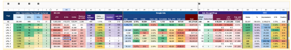 - Integrated data from Google Ads, product analytics (Heap Analytics), SEO crawls, and web analytics
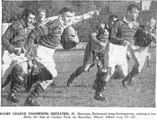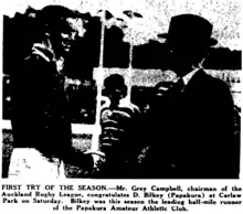 Roy Mansill debuted for Mount Albert. He was the Auckland amateur sprint champion and the son of Arthur Mansill who played a generation earlier for Newton Rangers. Roy enlisted in the NZ air force as a pilot and was killed on a training flight at RNZAF Base Ohakea in 1945.[23][24] In the match between Richmond and Marist, Frank Furnell broke his left arm and was taken by ambulance to Auckland Hospital. His arm was set and he was later discharged.[25] Desmond Bilkey of the Papakura side scored the first try of the season and after the match was congratulated by chairman Campbell. Bilkey had recently become the leading half mile runner at the Papakura Athletic Club which was also based at Prince Edward Park in Papakura as was the rugby league club. He enlisted shortly after this photo was taken and went to war. He was wounded in 1945 before returning to New Zealand.
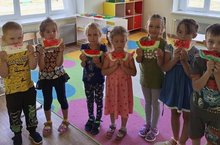 In summer we enjoy warm summer days and goodies. Now is a great time for berries and fruits to appear. Watermelons are a traditional treat in summer . Children of groups 6 and 4 made their watermelons . Watermelons turned out to be very cute and delicious for children.
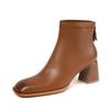 Осенние сапоги женские с круглым носком и толстым каблуком женские сапоги из натуральной кожи женские лаконичные короткие сапоги сапоги на высоком каблуке с застежкой-молнией
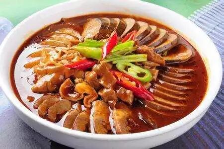 A料(葱段、姜片各20克,料酒50克),酱油10克,老干妈辣酱30克,郫县豆瓣酱20克,小料(葱段、姜片、干辣椒各5克,八角、桂皮各3克),面粉、白醋各100克,二汤800克,色拉油50克,红油、藤椒油各15克,盐、鸡粉各5克。

==*==

▸ What you need to do
The material is to be written out word for word, and the pictures are to be left out.

▸ Written solution
 - Integrated data from Google Ads, product analytics (Heap Analytics), SEO crawls, and web analytics
 Roy Mansill debuted for Mount Albert. He was the Auckland amateur sprint champion and the son of Arthur Mansill who played a generation earlier for Newton Rangers. Roy enlisted in the NZ air force as a pilot and was killed on a training flight at RNZAF Base Ohakea in 1945.[23][24] In the match between Richmond and Marist, Frank Furnell broke his left arm and was taken by ambulance to Auckland Hospital. His arm was set and he was later discharged.[25] Desmond Bilkey of the Papakura side scored the first try of the season and after the match was congratulated by chairman Campbell. Bilkey had recently become the leading half mile runner at the Papakura Athletic Club which was also based at Prince Edward Park in Papakura as was the rugby league club. He enlisted shortly after this photo was taken and went to war. He was wounded in 1945 before returning to New Zealand.
 In summer we enjoy warm summer days and goodies. Now is a great time for berries and fruits to appear. Watermelons are a traditional treat in summer . Children of groups 6 and 4 made their watermelons . Watermelons turned out to be very cute and delicious for children.
 Осенние сапоги женские с круглым носком и толстым каблуком женские сапоги из натуральной кожи женские лаконичные короткие сапоги сапоги на высоком каблуке с застежкой-молнией
 A料(葱段、姜片各20克,料酒50克),酱油10克,老干妈辣酱30克,郫县豆瓣酱20克,小料(葱段、姜片、干辣椒各5克,八角、桂皮各3克),面粉、白醋各100克,二汤800克,色拉油50克,红油、藤椒油各15克,盐、鸡粉各5克。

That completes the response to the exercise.